A: DCO is currently reviewing its support programs for children, with an independent study being conducted in the first half of 2020. Once the report and recommendations are delivered DCO will be in a position to assess how it can provide more support to children, including those students who are not in a school with a Defence School Mentor. As students return to schools across the country DCO’s Education Support Team will work with its Education Liaison Officers and the Defence School Mentor network on ways services and support can be delivered in line with COVID-19 restrictions across the different states and territories, also taking advantage of online platforms.

Q: Tips when you’re no longer working, but your partner is, and you are feeling unequal in relationship?

A: It may be helpful to let your partner know how you are feeling. Sitting down to respectfully discuss what equality in your relationship looks like to the both of you and then problem solving ways to achieve this, can help develop a more equal relationship. A simple but powerful way to allow each other to feel heard, understood and supported is to periodically practice Uninterrupted Listening – which is exactly what it sounds like, you both take turns to talk and listen without interruptions.

Q: Tips for families who are separated in different countries due to COVID. How can we manage the grief of seeing the member at the overseas posting doing the things that you back in Australia want to be doing, but are not allowed to yet?
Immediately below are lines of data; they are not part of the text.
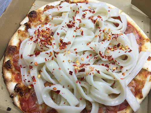 披薩跟刀削麵也可以作結合~如果加上起司~味道會更香濃好吃
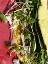 Heat non-stick skillet and cover with oil or butter. Add 2 eggs and cook until mostly set. Carefully flip and top with your favourite cheese, fresh spinach, salt and pepper and radish microgreens. Optionally top with salsa and sour cream. Enjoy!
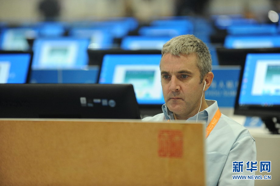 二十國集團(tuán)領(lǐng)導(dǎo)人第十一次峰會9月4日至5日在浙江杭州舉行。峰會新聞中心一派繁忙景象,境內(nèi)外各路媒體記者使出“洪荒之力”,實(shí)時報道峰會動態(tài)。新華網(wǎng)記者 陳競超 攝
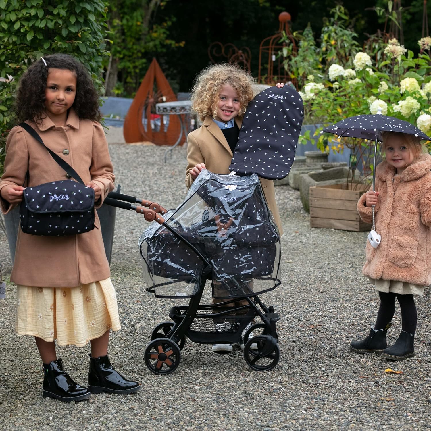 Il perfetto kit di accessori per completare la carrozzina per bambole Daisy Chain Connect o Destiny La borsa è dotata di una tracolla di lunghezza fissa, una chiusura con Velcro sulla parte anteriore, un grazioso dettaglio del bordo color argento e il logo ricamato. Il materassino presenta un grazioso logo ricamato e si adatta perfettamente alle carrozzine per bambole Daisy Chain Connect e Destiny. Il parasole Daisy Chain è dotato di una pinza per fissarlo a carrozzine o passeggini di qualunque misura. Il parapioggia si adatta perfettamente alle carrozzine per bambole Daisy Chain Connect e Destiny.
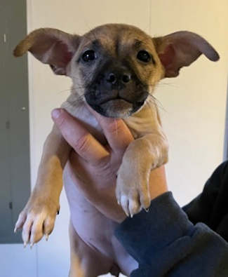 The adoptable dogs include two litters of puppies, one of which is “Fawn,” who is 2 and a half months old, with a blonde and black coat.
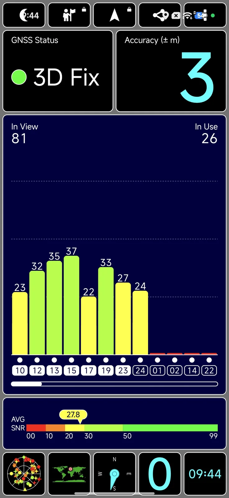 Dual- och tri-band-anslutning i globala satellitnätverk är tillgänglig för positionering. Satellitfixen är mycket exakt både inomhus och utomhus.
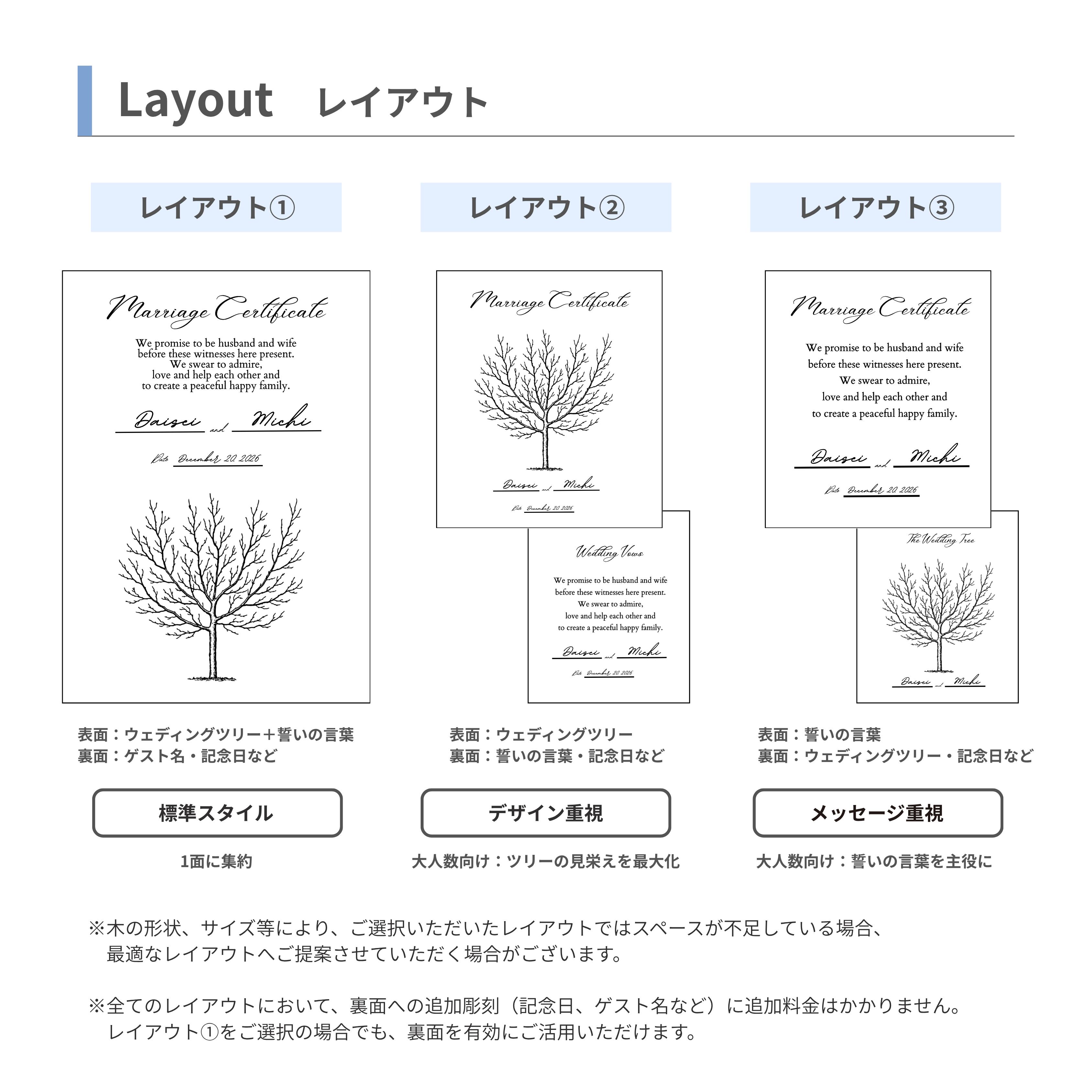 裏側彫刻/ウエディングツリー彫刻/イラスト彫刻など
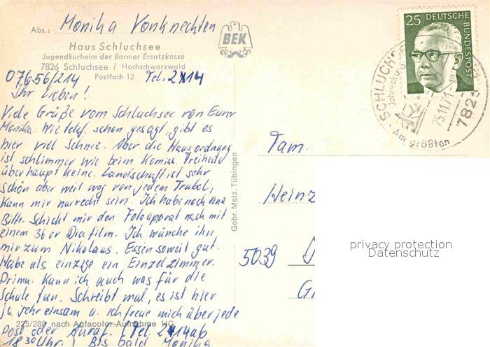72730679 alte Postkarte Schluchsee Haus Schluchsee postalisch gelaufen Erhaltung siehe scans [AndreD76] KatCode: 11110008315102
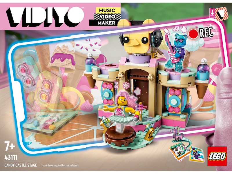 Med LEGO VIDIYO Candy Castle Stage (43111) kan du la barn oppleve en verden hvor de kan regissere, produsere og spille i sine egne popmusikkvideoer. Last ned gratisappen for å skanne og bli kjent med ballerina- og bamse-minifigurene. Skann deretter modellen og bruk den som scene i barnets musikkvideoer. Barn elsker å delta i utfordringer og mye annet mens de produserer egne musikkvideoer som de kan dele med andre i den barnesikrede feeden.
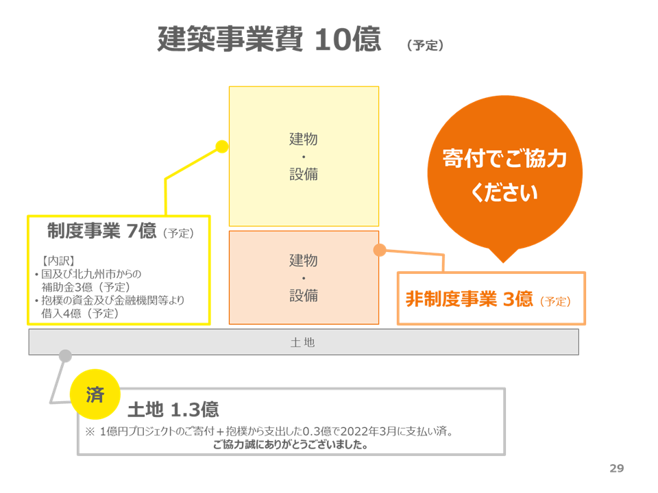 2022年3月には、全国の皆様からのご寄付により、金融機関から借り入れていた土地購入資金1億3,000万円を完済し、同年4月より施設建設に向けた寄付キャンペーンを開始しています。施設は2024年度の着工を目指しており、今年度中(2022年度)に3億円の寄付を募る寄付キャンペーンを行っています。
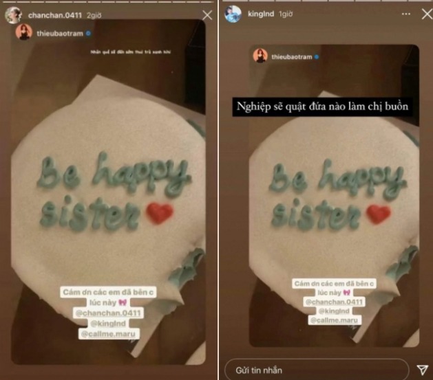Khoảng đầu năm 2021, cư dân mạng xôn xao trước loạt story đồng loạt của hội chị em thân thiết với ca sĩ Thiều Bảo Trâm. Trong một buổi tụ họp, cô cắt bánh kem với dòng chữ "Be Happy Sister" (Vui vẻ nhé chị gái) cùng lời nhắn cảm động: “Cảm ơn các em đã bên chị lúc này”.
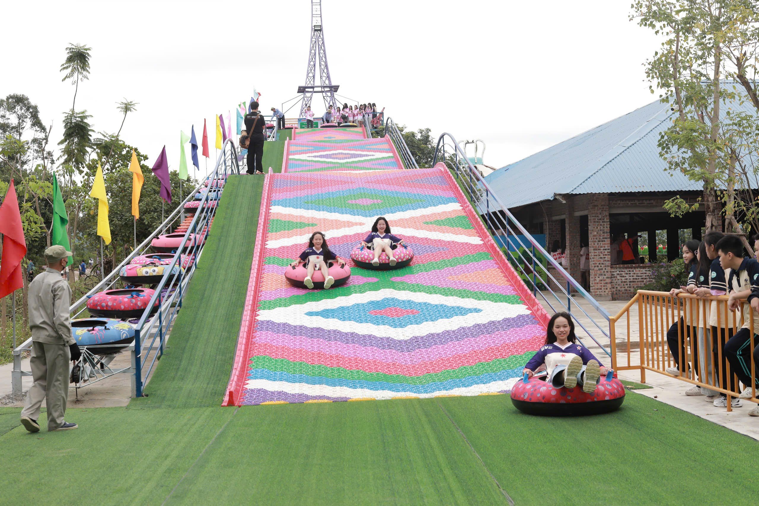 Trong chuyến tham quan, chúng tôi còn được trải nghiệm trò chơi trượt thảm cầu vồng đầy màu sắc. Cảm giác ngồi trên phao, lao vun vút xuống dốc khiến ai nấy đều hét vang vì thích thú. Tiếng cười giòn tan hòa cùng sắc màu rực rỡ đã tạo nên một kỷ niệm thật đáng nhớ.

A: A good place to start to help to manage any feelings of loss is to find a way to express how you are feeling. You could talk to someone you trust, such as a friend or counsellor, or by writing your thoughts down in a journal. Another strategy is to focus on planning and researching things that you would like to do when you are reunited as a family once again – eventually travel bans will subside.

You can also contact the Defence Family Helpline 24/7 for individualised support and assistance on 1800 624 608.
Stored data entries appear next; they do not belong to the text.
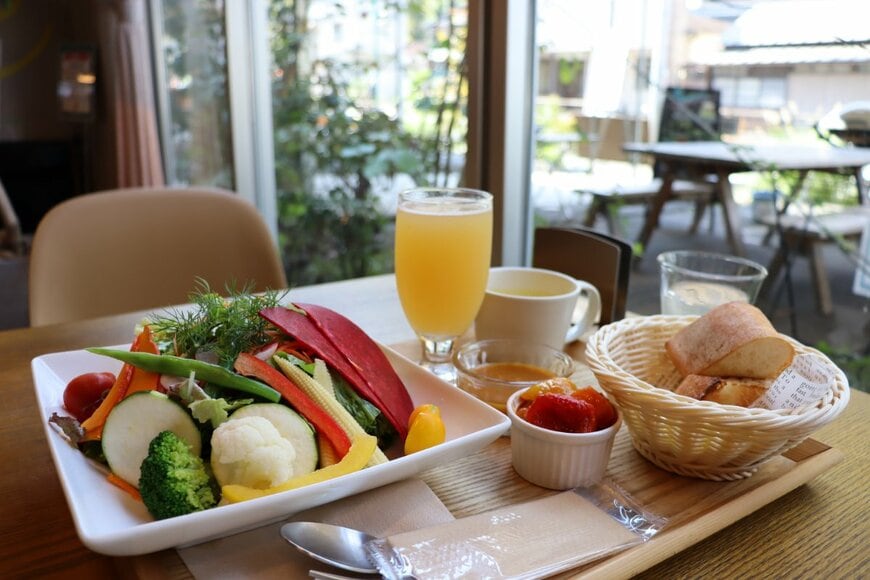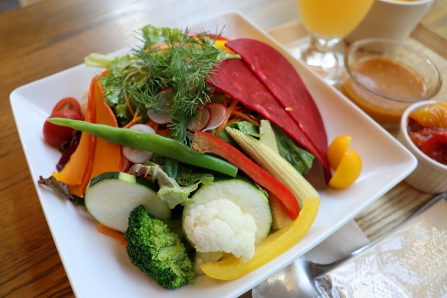 サラダプレートは、八王子市小比企町の中西ファームさんで収穫された季節の野菜をメインに、約15種類以上の野菜を使用。ドレッシングも付いていますが、そのまま食べても野菜の甘みをしっかり感じることができますよ。
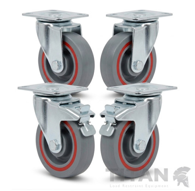 Enhance the safety, control, and performance of your roll containers, roll pallets, and roll cages with our factory-fitted 125mm sandwich castors with total stop brakes. This premium optional extra includes four sandwich castors for smooth, quiet rolling, along with two total stop brakes that lock both the wheel and swivel for maximum stability.
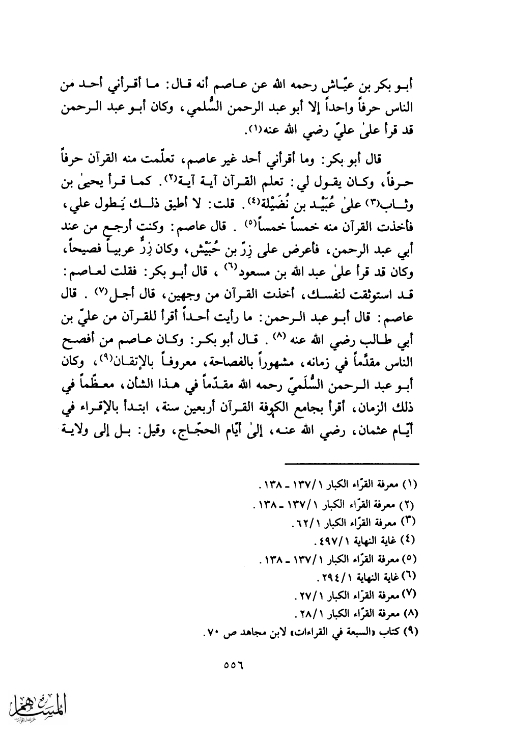 الناس حرفاً واحداً إلا أبو عبد الرحمن السُّلمي، وكان أبو عبد الرحمن
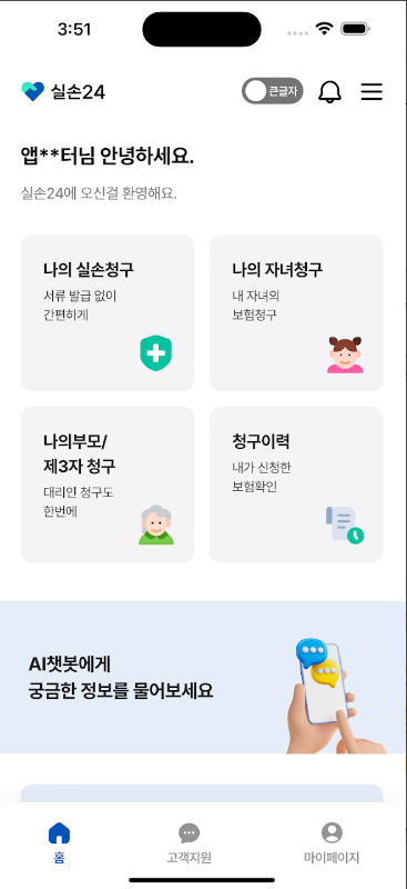 부모님 핸드폰으로 보험사 앱을 통해 청구를 대신하면 편리합니다.

Q: It’s difficult when they (ADF member) can’t talk about what they’re doing on their overseas deployment and you’re doing very little at home, how do we get around this?

A: It can be difficult to communicate when your partner is deployed. A few topics of conversation could be what activities you plan on doing when your loved one is home from deployments, focusing on a shared goal, showing appreciation for each other and your relationship or by talking about how each person’s day was in general. It could also be helpful to keep a notepad handy with you and throughout the day to jot down key points or things you might want to discuss.
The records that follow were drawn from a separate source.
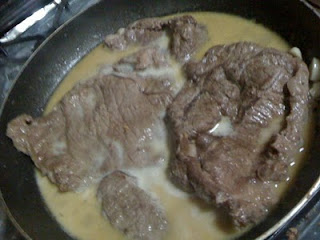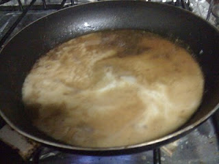 Polvilha-se com a farinha, deixa-se esta cozer um pouco e rega-se com um pouco de leite e o caldo obtido da cozedura dos camarões, tendo o cuidado de o coar antes de utilizar.
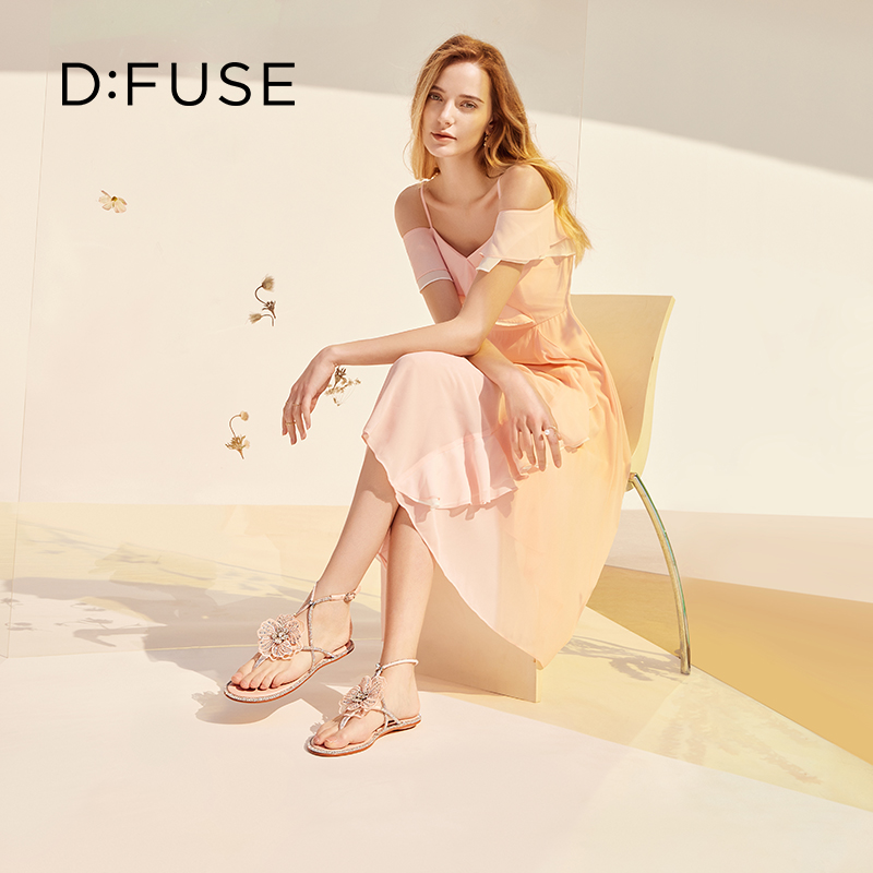 DF32115338 刺绣水晶花平底夹趾仙女凉鞋 DFuse迪芙斯夏季 新款
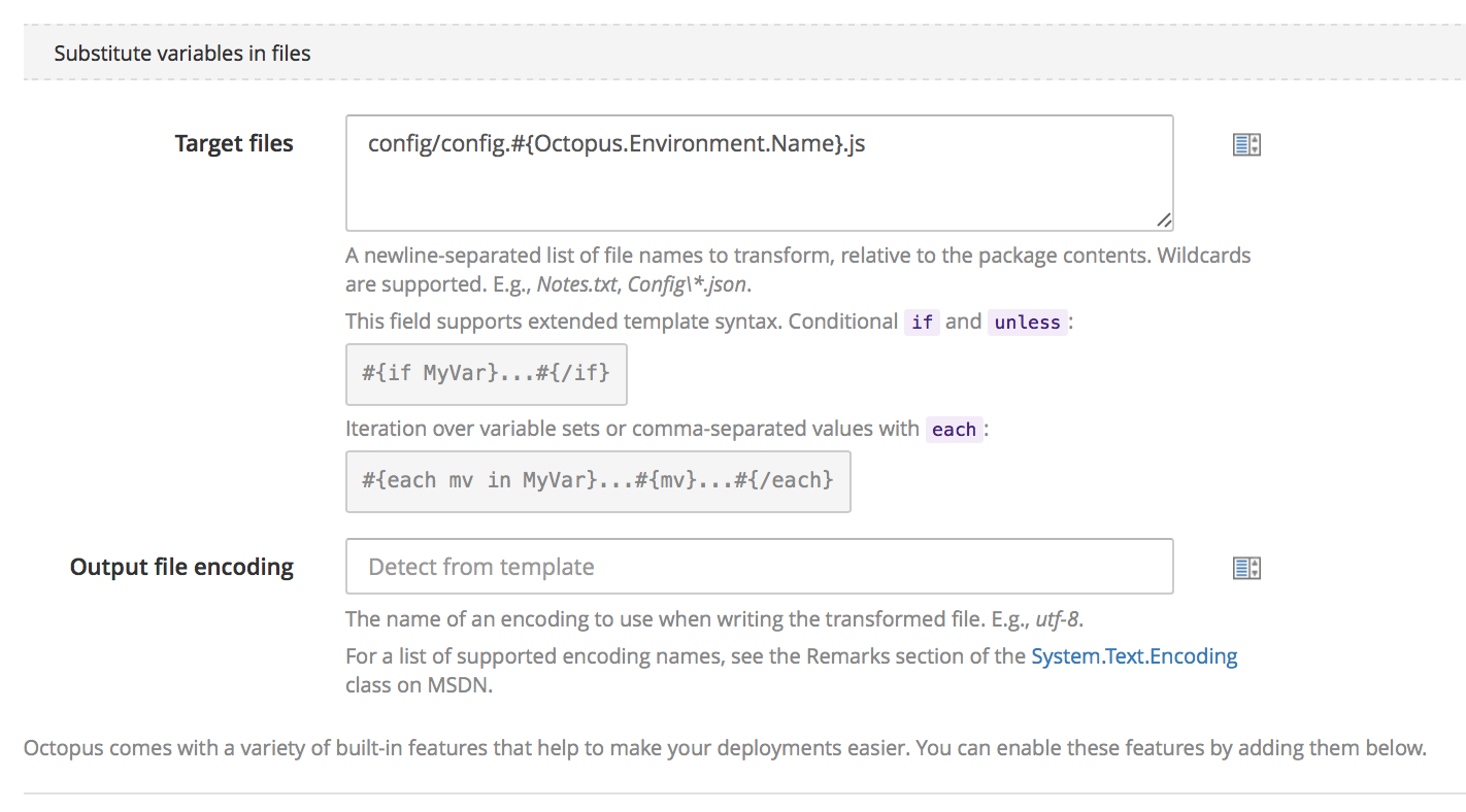 config/config.#{Octopus.Environment.Name}.jsas the substitution target file.

The Absence Support Booklet has a number of tips on how to communication during deployment. The next webinar in the COVID-19 surviving and thriving series on 17 June 2020 at 8pm AEST focusses on communication.

Q: Relationship separation and access to a Commonwealth Funded removal

A: If your relationship breaks down and your partner is an ADF member, you may be eligible to have a Commonwealth funded removal to a location within Australia of your choosing. You can usually access this removal anytime within 12 months of the date when the ADF member notifies Defence of the change of their circumstances. For further information contact the Defence Service Centre on 1800 333 362 or TOLL Transitions on 1800 819 167.

Q: We’re really struggling with the absence of ROCL - do you know if the member will be given additional time at the end of deployment to spend with family when they return to Australia?

A: The decision to temporarily cease ‘relief out of country leave’ (or ROCL) provisions has understandably had an impact on Defence families. Defence is mindful of the additional challenges deployed members and their families are facing and will continue to monitor the situation, in line with the whole-of-Government response to COVID-19. For individual advice about additional leave arrangements for members post-deployment, you should speak with your Chain of Command. To discuss the challenges of extended absence you can also call the Defence Family Helpline at any time on 1800 624 608.